Title
Jimenez vs. Cabangbang
Case
G.R. No. 15905
Decision Date
Aug 3, 1966
A congressman's open letter, published in newspapers, accused military officers of being "unwitting tools" in alleged coup plans. The Supreme Court ruled the letter was neither privileged nor libelous, dismissing the officers' claim for damages.
A

Case Summary (G.R. No. L-1651)

Petitioner and Respondent Designation

Plaintiffs (appellants) sought recovery of money damages for alleged libel. Defendant (appellee) moved to dismiss on grounds that the communication was not libelous and, alternatively, was a privileged communication as a legislative “speech or debate.”

Key Dates

Date of publication alleged in complaint: November 14, 1958.
Decision date of the appealed order: August 3, 1966.

Applicable Law and Constitutional Provision

The decision applies the constitutional privilege for legislators as set out in Article VI, Section 15 (quoted in the decision), providing that Senators and Members of the House shall not be questioned elsewhere for any “speech or debate therein,” and are privileged from arrest in certain circumstances. The Court also relied on prior authorities (cited in the opinion) delineating the scope of “speech or debate therein.”

Facts — Nature and Content of the Publication

The communication was an open letter to the President alleging the existence of three operational plans by certain AFP officers and civilian strategists to effect a political build-up, a coup d’état, or a modified campaign to rally military support.

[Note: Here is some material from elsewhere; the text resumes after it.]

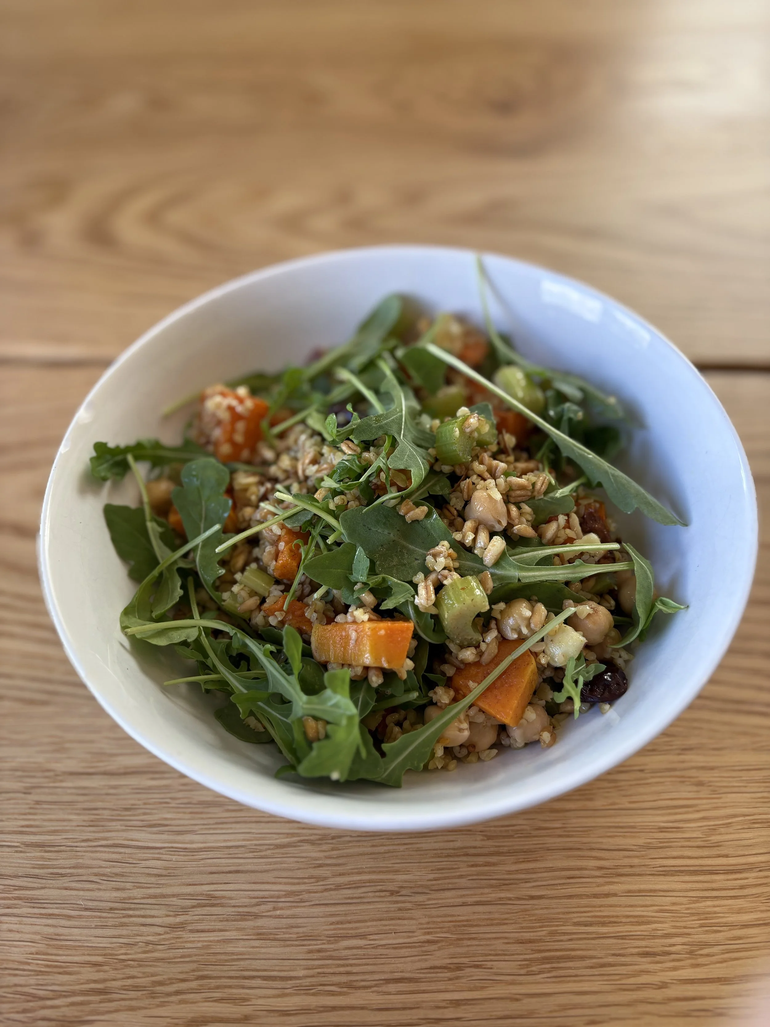 You all know I love a good salad, and this one might just be my favorite fall combo yet. It’s got all the cozy, seasonal flavors of autumn: chewy farro, roasted butternut squash, a little sweetness from dried cherries, and some crunch from pumpkin seeds and celery.
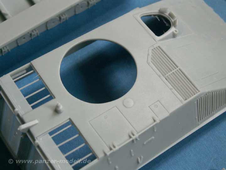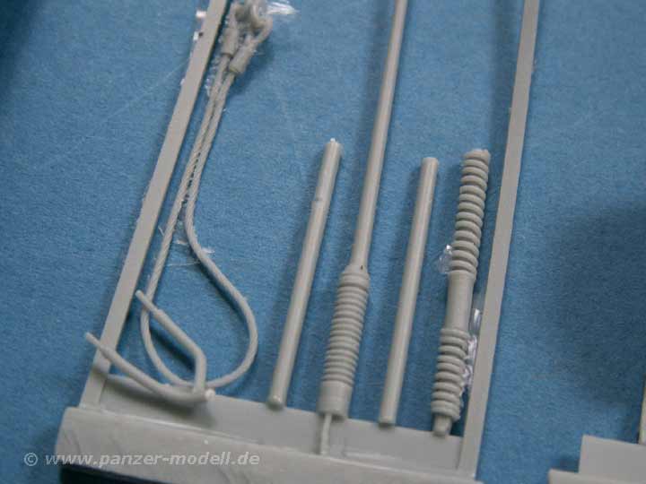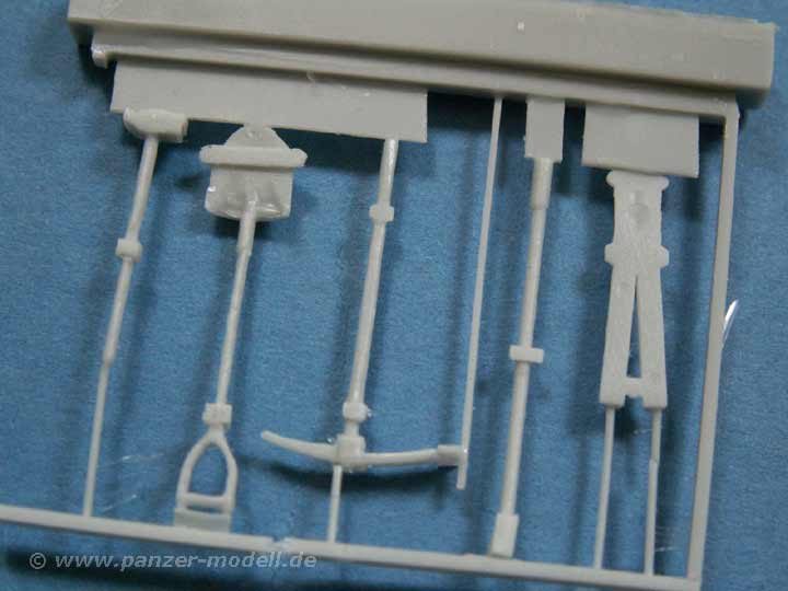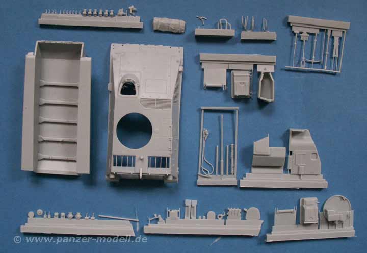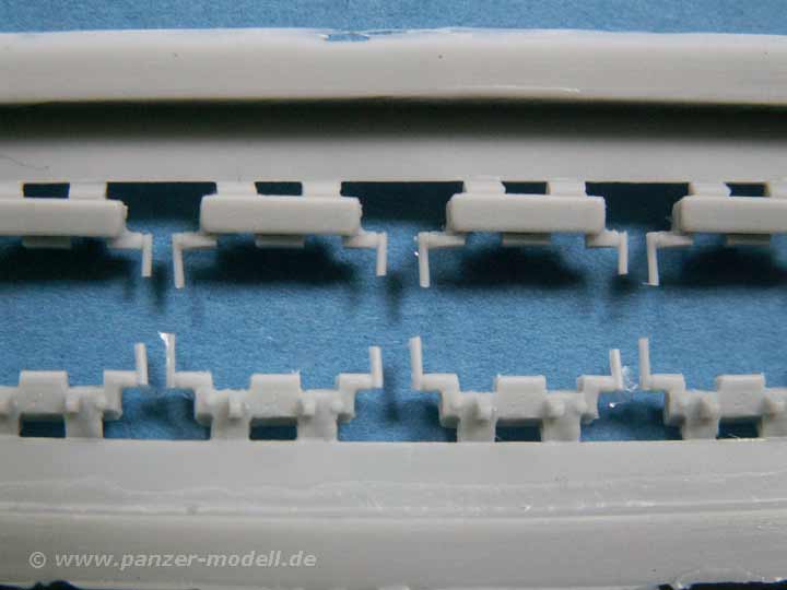 Auch gut und durchdacht ist die Teileausstattung, die keine Wünsche offenlässt, denn sogar eine rudimentäre Inneneinrichtung mit Motorwand, Sitzen, Drehstabfedern, usw. sind dabei und erlauben das offen-darstellen der Luken! Die Ketten sind filigran und sauber gegossen - es werden etwa 91 pro Seite benötigt, d.h. man hat letztlich etwa 18 Glieder als Reserve. Das Abtrennen vom Anguss dürfte nicht schwer sein (siehe Fotos).

The letter named several officers (including the three plaintiffs among others) as purportedly under the control of unnamed “planners” and described operational techniques and recommended administrative and personnel actions.

Issue Presented

(1) Whether the published open letter was a privileged communication protected by the constitutional “speech or debate” clause; and (2) if not privileged, whether the publication was libelous as to the plaintiffs.

Ruling on Privilege (First Issue)

The Court held that the publication was not a privileged communication under the “speech or debate therein” protection. The letter was an open communication to the President, published in newspapers while Congress was presumably not in session, and its publication was not an act performed in the performance of the defendant’s official legislative duties. Therefore the absolute privilege accorded to speeches or debates in Congress did not attach.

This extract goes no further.